YOUR TASK: Transcribe all records below exactly, without images.

THE INPUT:
# # # # # # #

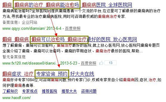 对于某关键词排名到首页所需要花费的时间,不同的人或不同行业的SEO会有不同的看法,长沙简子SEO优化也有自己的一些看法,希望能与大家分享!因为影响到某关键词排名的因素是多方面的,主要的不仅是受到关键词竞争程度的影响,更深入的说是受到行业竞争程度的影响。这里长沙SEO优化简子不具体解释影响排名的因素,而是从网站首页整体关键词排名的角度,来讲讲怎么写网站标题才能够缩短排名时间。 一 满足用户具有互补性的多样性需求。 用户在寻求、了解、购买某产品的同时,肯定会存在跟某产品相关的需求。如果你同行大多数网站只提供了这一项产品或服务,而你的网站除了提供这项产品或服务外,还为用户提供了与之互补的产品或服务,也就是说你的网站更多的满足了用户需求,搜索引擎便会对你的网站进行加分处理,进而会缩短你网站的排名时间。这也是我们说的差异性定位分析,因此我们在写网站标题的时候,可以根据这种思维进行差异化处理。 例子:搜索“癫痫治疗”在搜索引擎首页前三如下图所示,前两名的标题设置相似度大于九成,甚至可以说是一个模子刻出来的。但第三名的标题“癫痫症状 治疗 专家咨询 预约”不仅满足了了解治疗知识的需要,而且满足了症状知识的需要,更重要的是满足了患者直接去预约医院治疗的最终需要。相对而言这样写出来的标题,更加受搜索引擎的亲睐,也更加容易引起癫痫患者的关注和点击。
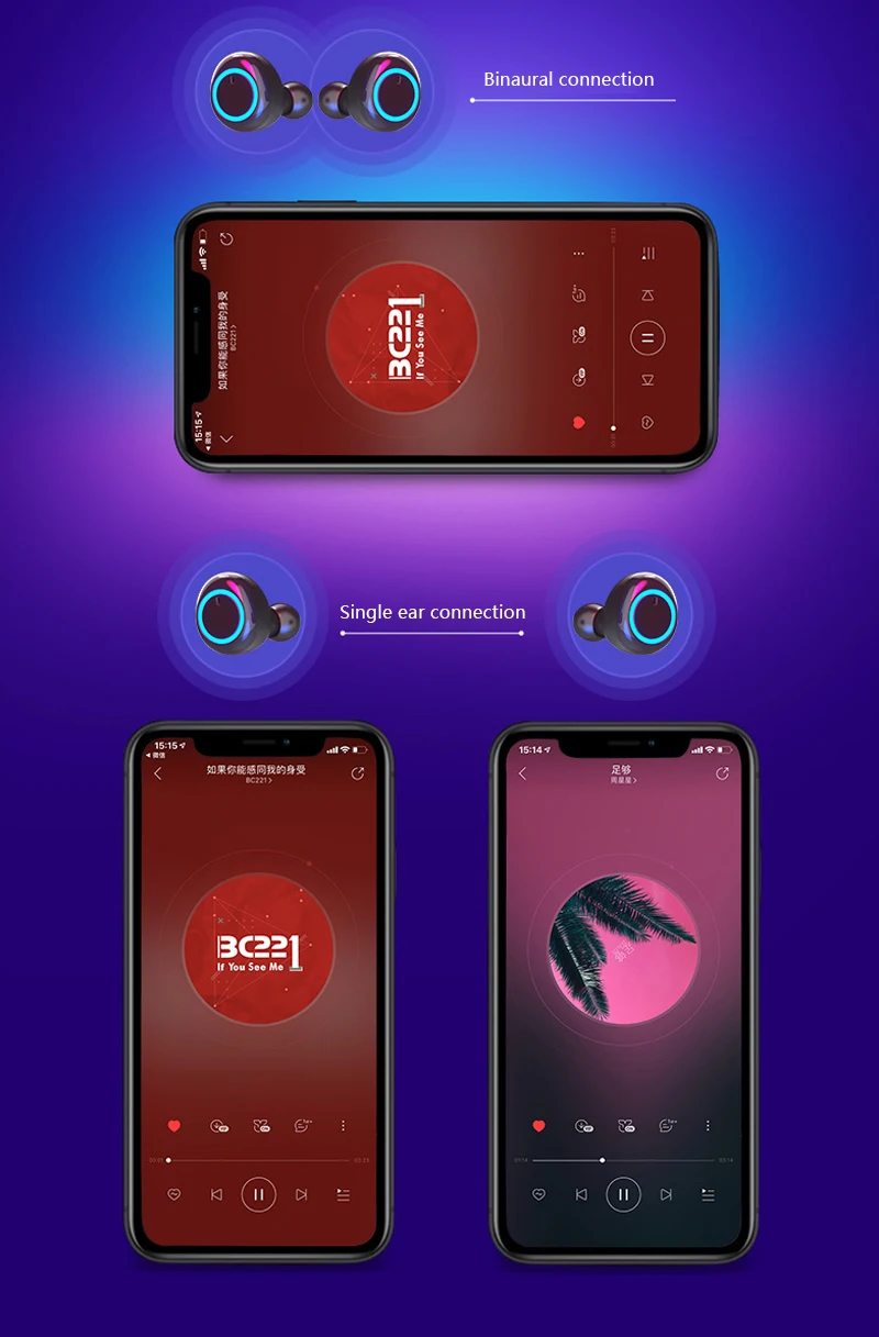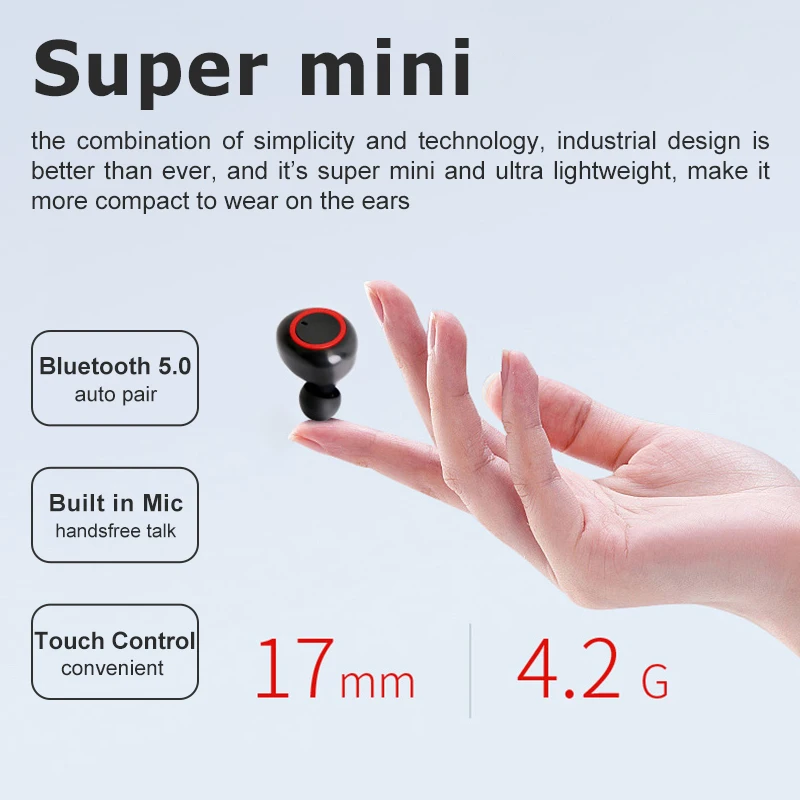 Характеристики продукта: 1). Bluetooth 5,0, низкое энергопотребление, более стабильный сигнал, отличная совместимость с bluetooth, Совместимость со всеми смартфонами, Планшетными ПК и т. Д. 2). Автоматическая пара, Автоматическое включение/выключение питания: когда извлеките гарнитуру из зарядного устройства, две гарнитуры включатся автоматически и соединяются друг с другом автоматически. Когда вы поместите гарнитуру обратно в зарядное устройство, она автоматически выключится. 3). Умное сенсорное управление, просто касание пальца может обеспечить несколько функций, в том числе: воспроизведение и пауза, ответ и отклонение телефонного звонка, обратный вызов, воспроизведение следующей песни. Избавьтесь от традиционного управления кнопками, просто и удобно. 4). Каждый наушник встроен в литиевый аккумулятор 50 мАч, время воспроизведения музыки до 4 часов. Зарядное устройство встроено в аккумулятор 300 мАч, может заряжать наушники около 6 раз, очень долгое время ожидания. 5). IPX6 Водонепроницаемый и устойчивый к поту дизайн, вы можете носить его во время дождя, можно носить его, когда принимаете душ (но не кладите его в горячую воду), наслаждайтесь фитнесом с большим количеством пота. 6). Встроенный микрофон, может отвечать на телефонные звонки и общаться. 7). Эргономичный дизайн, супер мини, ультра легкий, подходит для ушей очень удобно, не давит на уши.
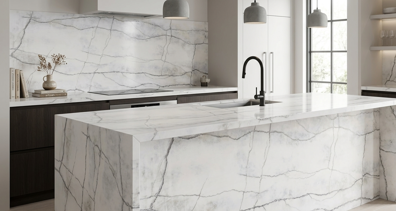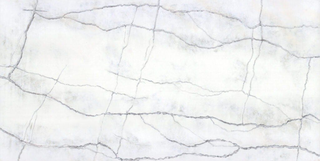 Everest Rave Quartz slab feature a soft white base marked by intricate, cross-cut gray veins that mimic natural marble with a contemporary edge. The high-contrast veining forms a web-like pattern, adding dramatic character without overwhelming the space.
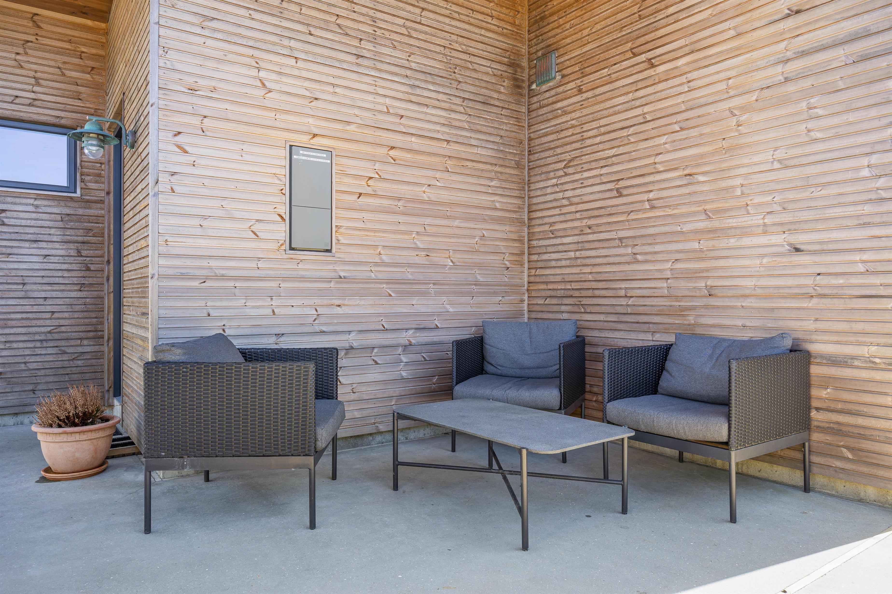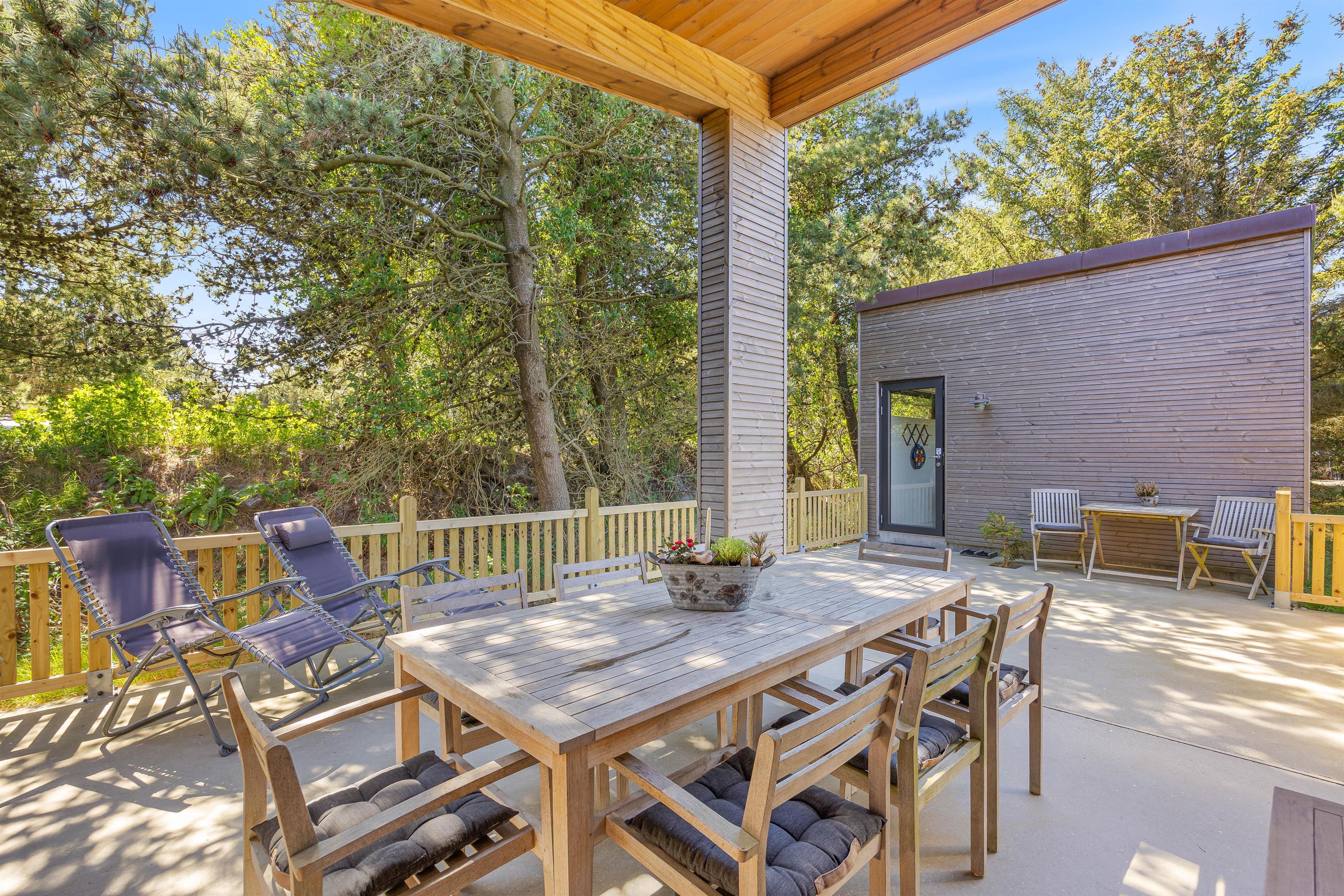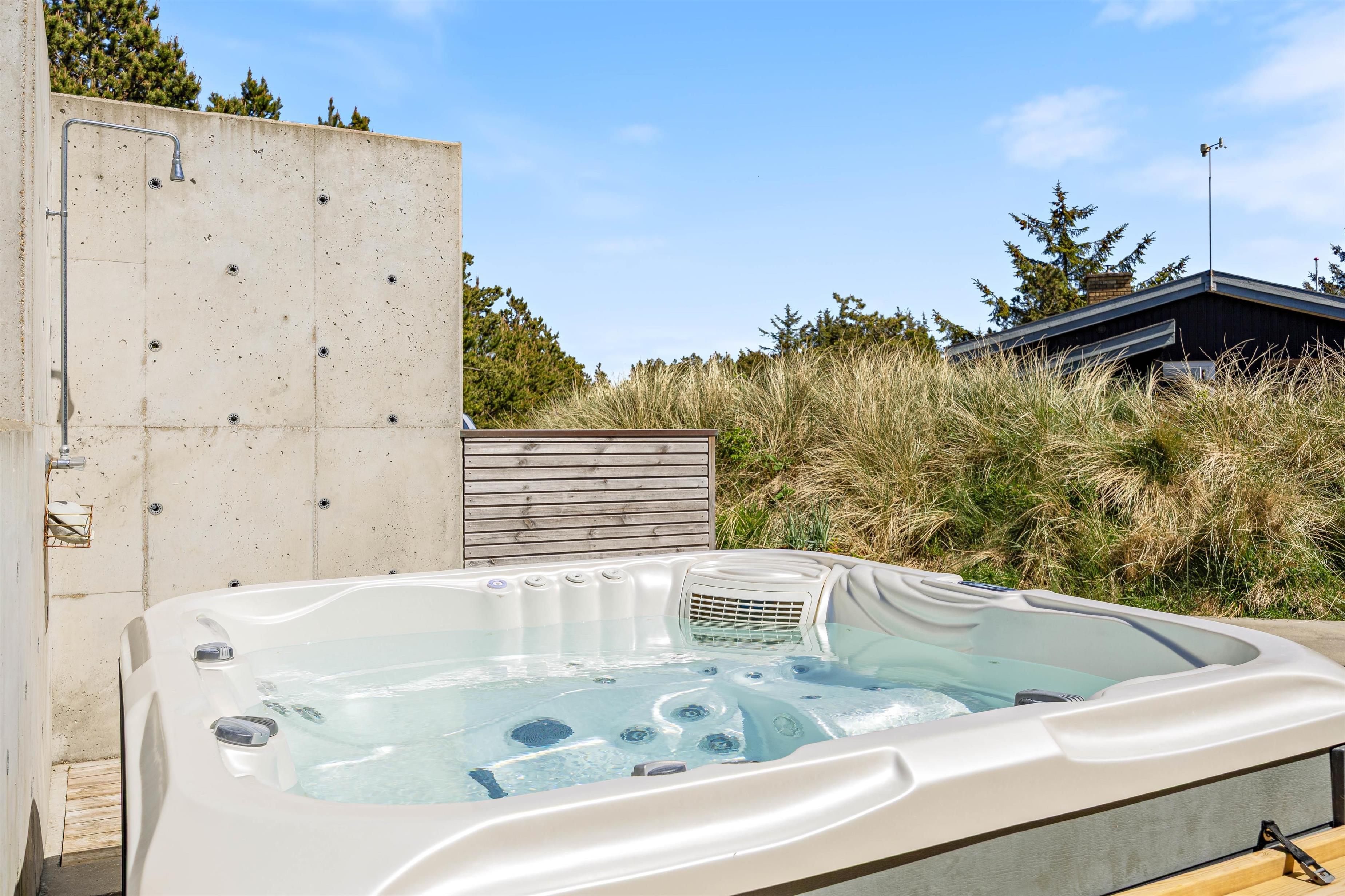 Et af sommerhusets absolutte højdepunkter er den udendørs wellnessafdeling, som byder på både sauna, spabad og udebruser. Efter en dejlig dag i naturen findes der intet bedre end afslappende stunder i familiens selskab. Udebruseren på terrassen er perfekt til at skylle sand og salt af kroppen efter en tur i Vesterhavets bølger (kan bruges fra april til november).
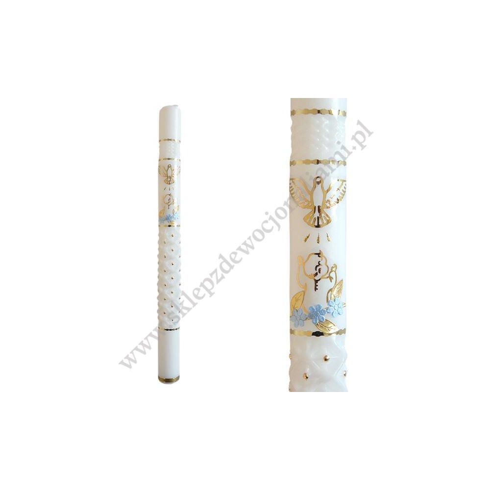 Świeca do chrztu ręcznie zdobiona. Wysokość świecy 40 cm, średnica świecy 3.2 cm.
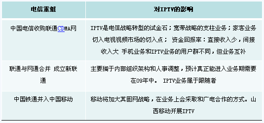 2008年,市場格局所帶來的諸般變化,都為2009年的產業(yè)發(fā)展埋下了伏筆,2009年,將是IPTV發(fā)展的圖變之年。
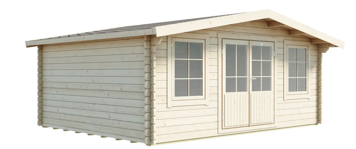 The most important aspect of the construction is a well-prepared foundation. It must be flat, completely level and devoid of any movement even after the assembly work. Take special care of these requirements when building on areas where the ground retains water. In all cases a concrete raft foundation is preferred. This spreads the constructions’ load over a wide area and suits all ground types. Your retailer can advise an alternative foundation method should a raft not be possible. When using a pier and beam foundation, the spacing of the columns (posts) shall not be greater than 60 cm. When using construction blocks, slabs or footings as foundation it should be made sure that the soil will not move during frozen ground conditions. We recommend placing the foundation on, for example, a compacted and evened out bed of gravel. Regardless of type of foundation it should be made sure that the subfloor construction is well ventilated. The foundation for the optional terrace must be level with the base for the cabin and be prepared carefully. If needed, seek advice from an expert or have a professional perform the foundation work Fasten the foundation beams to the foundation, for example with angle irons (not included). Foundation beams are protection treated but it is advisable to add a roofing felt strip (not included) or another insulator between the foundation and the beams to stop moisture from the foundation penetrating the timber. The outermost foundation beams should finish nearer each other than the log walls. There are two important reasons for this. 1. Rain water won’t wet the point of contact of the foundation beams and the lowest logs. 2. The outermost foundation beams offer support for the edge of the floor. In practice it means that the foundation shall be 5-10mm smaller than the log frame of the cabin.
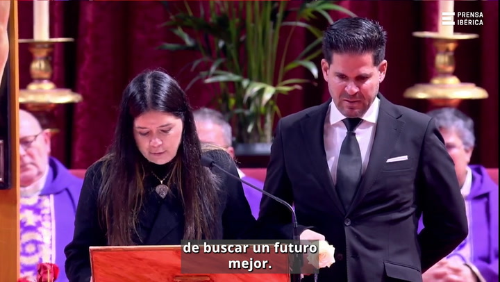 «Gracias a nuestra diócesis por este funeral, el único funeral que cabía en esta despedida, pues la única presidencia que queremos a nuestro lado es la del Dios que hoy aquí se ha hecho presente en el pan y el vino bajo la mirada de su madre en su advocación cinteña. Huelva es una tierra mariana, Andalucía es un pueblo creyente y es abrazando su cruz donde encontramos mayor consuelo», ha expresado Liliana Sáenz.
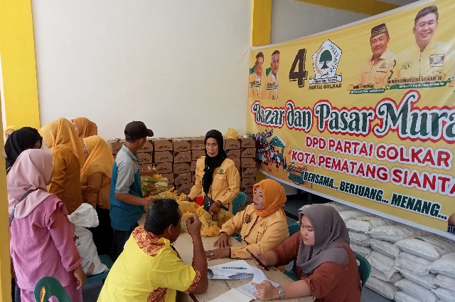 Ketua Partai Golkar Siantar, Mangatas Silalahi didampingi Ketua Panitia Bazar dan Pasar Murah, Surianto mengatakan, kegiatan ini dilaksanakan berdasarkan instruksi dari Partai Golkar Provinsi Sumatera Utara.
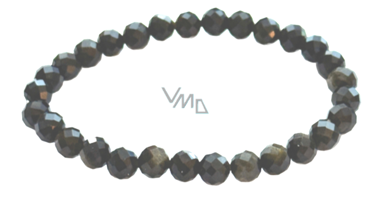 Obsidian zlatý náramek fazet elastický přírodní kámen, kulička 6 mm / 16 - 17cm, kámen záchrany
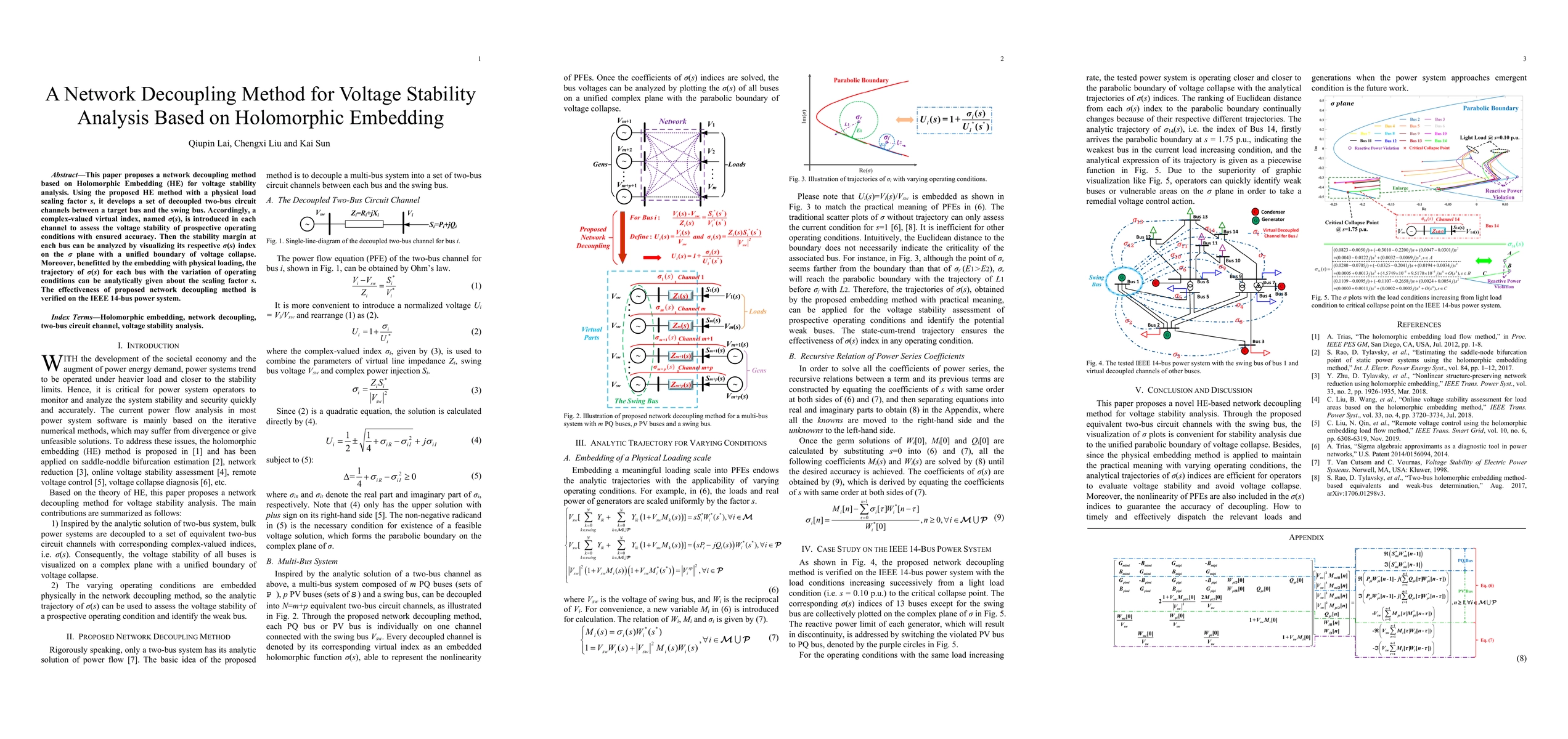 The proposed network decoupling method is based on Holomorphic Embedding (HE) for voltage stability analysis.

# # # # # # #

OUTPUT BELOW:
 对于某关键词排名到首页所需要花费的时间,不同的人或不同行业的SEO会有不同的看法,长沙简子SEO优化也有自己的一些看法,希望能与大家分享!因为影响到某关键词排名的因素是多方面的,主要的不仅是受到关键词竞争程度的影响,更深入的说是受到行业竞争程度的影响。这里长沙SEO优化简子不具体解释影响排名的因素,而是从网站首页整体关键词排名的角度,来讲讲怎么写网站标题才能够缩短排名时间。 一 满足用户具有互补性的多样性需求。 用户在寻求、了解、购买某产品的同时,肯定会存在跟某产品相关的需求。如果你同行大多数网站只提供了这一项产品或服务,而你的网站除了提供这项产品或服务外,还为用户提供了与之互补的产品或服务,也就是说你的网站更多的满足了用户需求,搜索引擎便会对你的网站进行加分处理,进而会缩短你网站的排名时间。这也是我们说的差异性定位分析,因此我们在写网站标题的时候,可以根据这种思维进行差异化处理。 例子:搜索“癫痫治疗”在搜索引擎首页前三如下图所示,前两名的标题设置相似度大于九成,甚至可以说是一个模子刻出来的。但第三名的标题“癫痫症状 治疗 专家咨询 预约”不仅满足了了解治疗知识的需要,而且满足了症状知识的需要,更重要的是满足了患者直接去预约医院治疗的最终需要。相对而言这样写出来的标题,更加受搜索引擎的亲睐,也更加容易引起癫痫患者的关注和点击。
 Характеристики продукта: 1). Bluetooth 5,0, низкое энергопотребление, более стабильный сигнал, отличная совместимость с bluetooth, Совместимость со всеми смартфонами, Планшетными ПК и т. Д. 2). Автоматическая пара, Автоматическое включение/выключение питания: когда извлеките гарнитуру из зарядного устройства, две гарнитуры включатся автоматически и соединяются друг с другом автоматически. Когда вы поместите гарнитуру обратно в зарядное устройство, она автоматически выключится. 3). Умное сенсорное управление, просто касание пальца может обеспечить несколько функций, в том числе: воспроизведение и пауза, ответ и отклонение телефонного звонка, обратный вызов, воспроизведение следующей песни. Избавьтесь от традиционного управления кнопками, просто и удобно. 4). Каждый наушник встроен в литиевый аккумулятор 50 мАч, время воспроизведения музыки до 4 часов. Зарядное устройство встроено в аккумулятор 300 мАч, может заряжать наушники около 6 раз, очень долгое время ожидания. 5). IPX6 Водонепроницаемый и устойчивый к поту дизайн, вы можете носить его во время дождя, можно носить его, когда принимаете душ (но не кладите его в горячую воду), наслаждайтесь фитнесом с большим количеством пота. 6). Встроенный микрофон, может отвечать на телефонные звонки и общаться. 7). Эргономичный дизайн, супер мини, ультра легкий, подходит для ушей очень удобно, не давит на уши.
 Everest Rave Quartz slab feature a soft white base marked by intricate, cross-cut gray veins that mimic natural marble with a contemporary edge. The high-contrast veining forms a web-like pattern, adding dramatic character without overwhelming the space.
 Et af sommerhusets absolutte højdepunkter er den udendørs wellnessafdeling, som byder på både sauna, spabad og udebruser. Efter en dejlig dag i naturen findes der intet bedre end afslappende stunder i familiens selskab. Udebruseren på terrassen er perfekt til at skylle sand og salt af kroppen efter en tur i Vesterhavets bølger (kan bruges fra april til november).
 Świeca do chrztu ręcznie zdobiona. Wysokość świecy 40 cm, średnica świecy 3.2 cm.
 2008年,市場格局所帶來的諸般變化,都為2009年的產業(yè)發(fā)展埋下了伏筆,2009年,將是IPTV發(fā)展的圖變之年。
 The most important aspect of the construction is a well-prepared foundation. It must be flat, completely level and devoid of any movement even after the assembly work. Take special care of these requirements when building on areas where the ground retains water. In all cases a concrete raft foundation is preferred. This spreads the constructions’ load over a wide area and suits all ground types. Your retailer can advise an alternative foundation method should a raft not be possible. When using a pier and beam foundation, the spacing of the columns (posts) shall not be greater than 60 cm. When using construction blocks, slabs or footings as foundation it should be made sure that the soil will not move during frozen ground conditions. We recommend placing the foundation on, for example, a compacted and evened out bed of gravel. Regardless of type of foundation it should be made sure that the subfloor construction is well ventilated. The foundation for the optional terrace must be level with the base for the cabin and be prepared carefully. If needed, seek advice from an expert or have a professional perform the foundation work Fasten the foundation beams to the foundation, for example with angle irons (not included). Foundation beams are protection treated but it is advisable to add a roofing felt strip (not included) or another insulator between the foundation and the beams to stop moisture from the foundation penetrating the timber. The outermost foundation beams should finish nearer each other than the log walls. There are two important reasons for this. 1. Rain water won’t wet the point of contact of the foundation beams and the lowest logs. 2. The outermost foundation beams offer support for the edge of the floor. In practice it means that the foundation shall be 5-10mm smaller than the log frame of the cabin.
 «Gracias a nuestra diócesis por este funeral, el único funeral que cabía en esta despedida, pues la única presidencia que queremos a nuestro lado es la del Dios que hoy aquí se ha hecho presente en el pan y el vino bajo la mirada de su madre en su advocación cinteña. Huelva es una tierra mariana, Andalucía es un pueblo creyente y es abrazando su cruz donde encontramos mayor consuelo», ha expresado Liliana Sáenz.
 Ketua Partai Golkar Siantar, Mangatas Silalahi didampingi Ketua Panitia Bazar dan Pasar Murah, Surianto mengatakan, kegiatan ini dilaksanakan berdasarkan instruksi dari Partai Golkar Provinsi Sumatera Utara.
 Obsidian zlatý náramek fazet elastický přírodní kámen, kulička 6 mm / 16 - 17cm, kámen záchrany
 The proposed network decoupling method is based on Holomorphic Embedding (HE) for voltage stability analysis.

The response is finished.